Ronald Reagan properly called the
Soviet Union “an evil empire,” but all too many Russians and people in the West
believed that his words applied only to Moscow’s rule over the 11 non-Russian
union republics and the three occupied Baltic countries and that when the USSR
dissolved, so too did the empire.
Unfortunately, as subsequent events
have shown, that has not proved to be the case. Not only has Moscow under Putin
sought to rebuild the empire by invading Georgia in 2008 and Ukraine since
2014, but the Kremlin has imposed increasingly imperial relations on the
non-Russian nations living within it.
Those nations are its first victims,
but they are not the only ones. Ethnic
Russians are as well because they are prisoners of the empire that they are
routinely told is the only way to keep the country which they identify as
theirs in one piece even if it requires the use of violence and other means
against the other nations within its borders.

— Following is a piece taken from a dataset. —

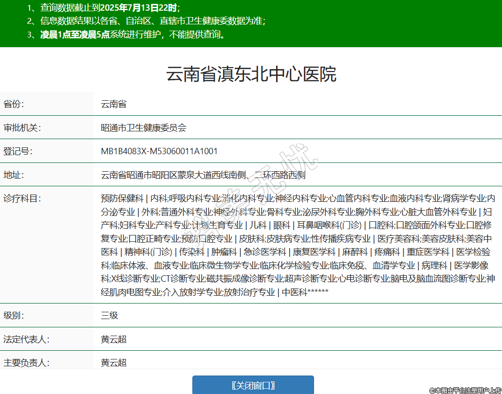 省份:云南省審批機(jī)關(guān):昭通市衛(wèi)生健康委員會(huì)登記號(hào):MB1B4083X-M53060011A1001地址:云南省昭通市昭陽區(qū)蒙泉大道西線南側(cè)、二環(huán)西路西側(cè)診療科目:預(yù)防保健科 | 內(nèi)科;呼吸內(nèi)科專業(yè);消化內(nèi)科專業(yè);神經(jīng)內(nèi)科專業(yè);心血管內(nèi)科專業(yè);血液內(nèi)科專業(yè);腎病學(xué)專業(yè);內(nèi)分泌專業(yè) | 外科;普通外科專業(yè);神經(jīng)外科專業(yè);骨科專業(yè);泌尿外科專業(yè);胸外科專業(yè);心臟大血管外科專業(yè) | 婦產(chǎn)科;婦科專業(yè);產(chǎn)科專業(yè);計(jì)劃生育專業(yè) | 兒科 | 眼科 | 耳鼻咽喉科(門診) | 口腔科;口腔頜面外科專業(yè);口腔修復(fù)專業(yè);口腔正畸專業(yè);預(yù)防口腔專業(yè) | 皮膚科;皮膚病專業(yè);性傳播疾病專業(yè) | 醫(yī)療美容科;美容皮膚科;美容中醫(yī)科 | 精神科(門診) | 傳染科 | 腫瘤科 | 急診醫(yī)學(xué)科 | 康復(fù)醫(yī)學(xué)科 | 麻醉科 | 疼痛科 | 重癥醫(yī)學(xué)科 | 醫(yī)學(xué)檢驗(yàn)科;臨床體液、血液專業(yè);臨床微生物學(xué)專業(yè);臨床化學(xué)檢驗(yàn)專業(yè);臨床免疫、血清學(xué)專業(yè) | 病理科 | 醫(yī)學(xué)影像科;X線診斷專業(yè);CT診斷專業(yè);磁共振成像診斷專業(yè);超聲診斷專業(yè);心電診斷專業(yè);腦電及腦血流圖診斷專業(yè);神經(jīng)肌肉電圖專業(yè);介入放射學(xué)專業(yè);放射治療專業(yè) | 中醫(yī)科******級(jí)別:三級(jí)法定代表人:黃云超主要負(fù)責(zé)人:黃云超執(zhí)業(yè)許可證有效期:2024/11/10 -至- 2039/11/09 -

In a commentary for the new After
Empire portal, Viktor Buravlyev discusses the difficulties Russians have in
facing this reality but argues that only by confronting it head on do they have
any chance of becoming a genuinely free and democratic country, albeit one in
very different borders (afterempire.info/2016/11/30/russia/).
Russians have been
taught to view their “Motherland (most often with a capital letter)” as being
defined by “the state borders” and to view their “native region” in contrast
and with a slighting “indulgence” as their “’little motherland’” and not to think
about how the one is related to the other, the commentator says.
As a result, not only the most
devoted “patriots” but “even the most active critics of the powers that be put their
hopes on the state, first as ‘Russia without Putin’ and now already on ‘Russia
after Putin,’ but with the former ancient paradigm preserved, a paradigm which
they do not have the strength or the desire to overcome.”
“Despite knowing
all or almost all about the inheritance of the Russian Federation from the Mongol
Horde, the Muscovite principality, the Russian Empire and the USSR [and] about
the inevitable triumph of reaction after all attempts at revolution,” he says, “they
all the same believe in the final victory over [this] despotism and
transformation of their country into a normal one.”
And these people believe that “naturally,”
this country “must be called Russia,” one baed on its “remarkable culture and
glorious history.” These Russians will
celebrate the imperial past and they will treat Lenin with care despite what he
did because in their view “people have long been accustomed” to him.
Some of them are now even willing to
return Crimea but not “if its residents will be opposed” because “one must not
go against the will of the population. Let us conduct an honest referendum and
then we’ll see,” Buravlyev sums up their views.
But in addition, such liberal
Russians call for a new constitution but not a new capital and that document
will be prepared “exclusively by worthy people with well-known names and Moscow
residence permits.” Those too will be preserved “as a customary formality,” as
will the police and the security services and so on and on.
That is required such people think
in order that the country not fall apart or into chaos and into a war of all
against all, a view that prevents them from seeing the obvious truth: “This is
not the case.” Indeed, Buravlyev says, “only after the disappearance of Russia,
unconditionally and finally, will the population have the chance to build
something new.”
Only then, he concludes, will it be
possible “to break out of the vicious circle and the chain of rebirths by
destroying the matrix” underlying all of what is on view now. “But to recognize
this is hard” because it requires “overcoming the state inside oneself,” a
challenge “even if you don’t really love it very much.”